DATA TO PROCESS:
--*--
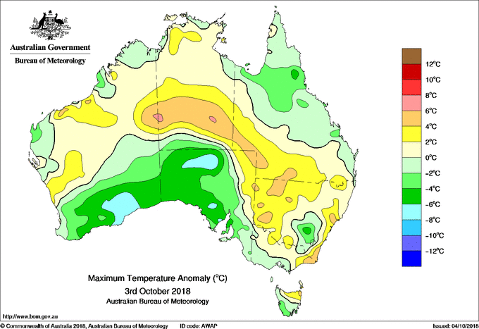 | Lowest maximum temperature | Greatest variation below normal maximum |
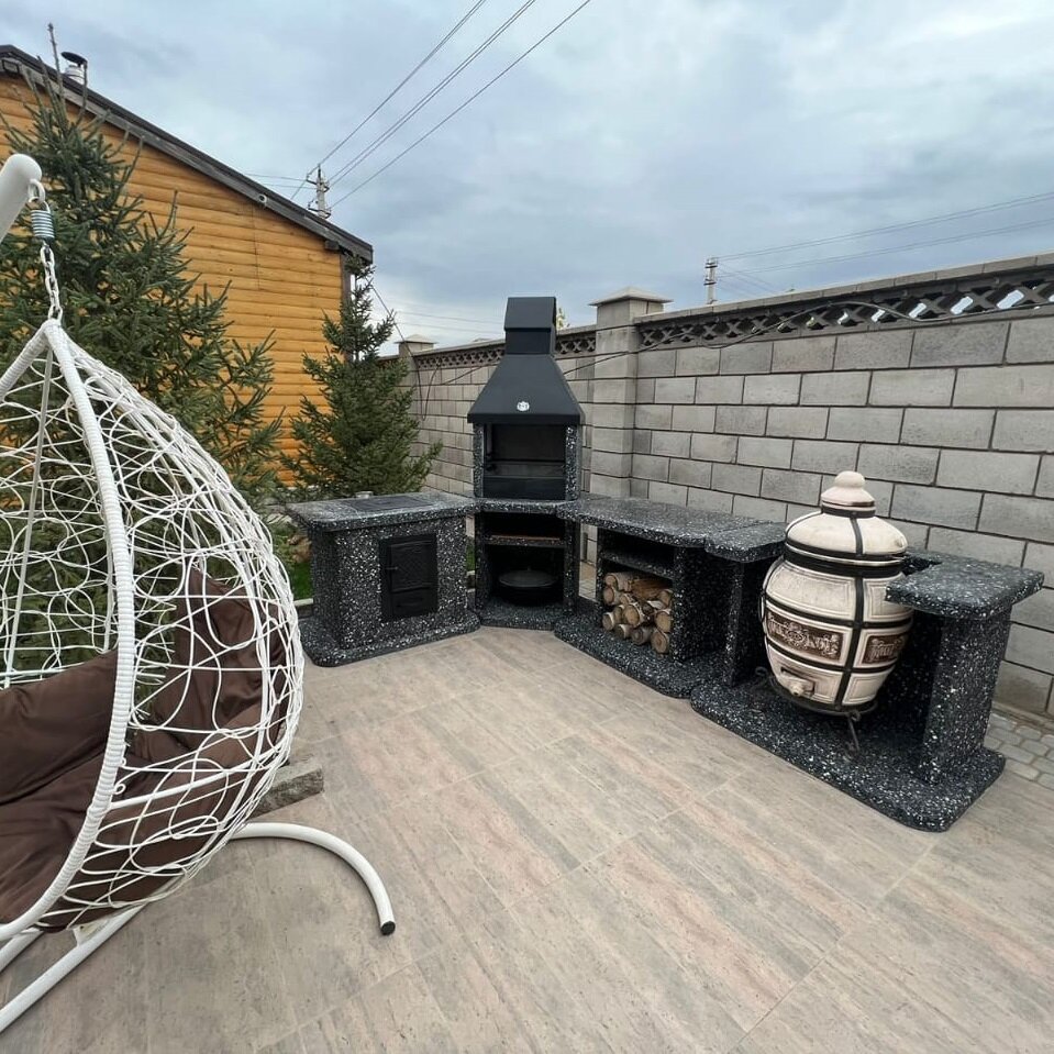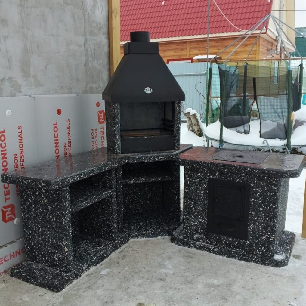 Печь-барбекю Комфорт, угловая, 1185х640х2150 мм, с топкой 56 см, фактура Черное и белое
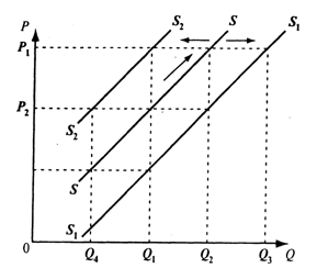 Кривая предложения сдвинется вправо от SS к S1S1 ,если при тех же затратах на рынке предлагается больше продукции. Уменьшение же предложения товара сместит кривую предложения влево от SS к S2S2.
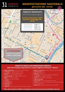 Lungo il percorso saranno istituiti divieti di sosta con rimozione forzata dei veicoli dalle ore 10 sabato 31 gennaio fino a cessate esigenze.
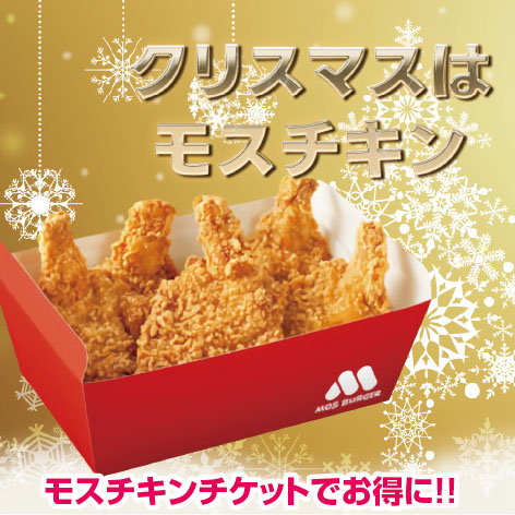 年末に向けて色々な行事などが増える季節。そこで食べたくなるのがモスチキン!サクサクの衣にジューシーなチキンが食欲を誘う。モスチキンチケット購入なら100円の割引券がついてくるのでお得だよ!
--*--
Take the listing and print it again exactly, but without any pictures.

WRITTEN RESPONSE:
 | Lowest maximum temperature | Greatest variation below normal maximum |
 Печь-барбекю Комфорт, угловая, 1185х640х2150 мм, с топкой 56 см, фактура Черное и белое
 Кривая предложения сдвинется вправо от SS к S1S1 ,если при тех же затратах на рынке предлагается больше продукции. Уменьшение же предложения товара сместит кривую предложения влево от SS к S2S2.
 Lungo il percorso saranno istituiti divieti di sosta con rimozione forzata dei veicoli dalle ore 10 sabato 31 gennaio fino a cessate esigenze.
 年末に向けて色々な行事などが増える季節。そこで食べたくなるのがモスチキン!サクサクの衣にジューシーなチキンが食欲を誘う。モスチキンチケット購入なら100円の割引券がついてくるのでお得だよ!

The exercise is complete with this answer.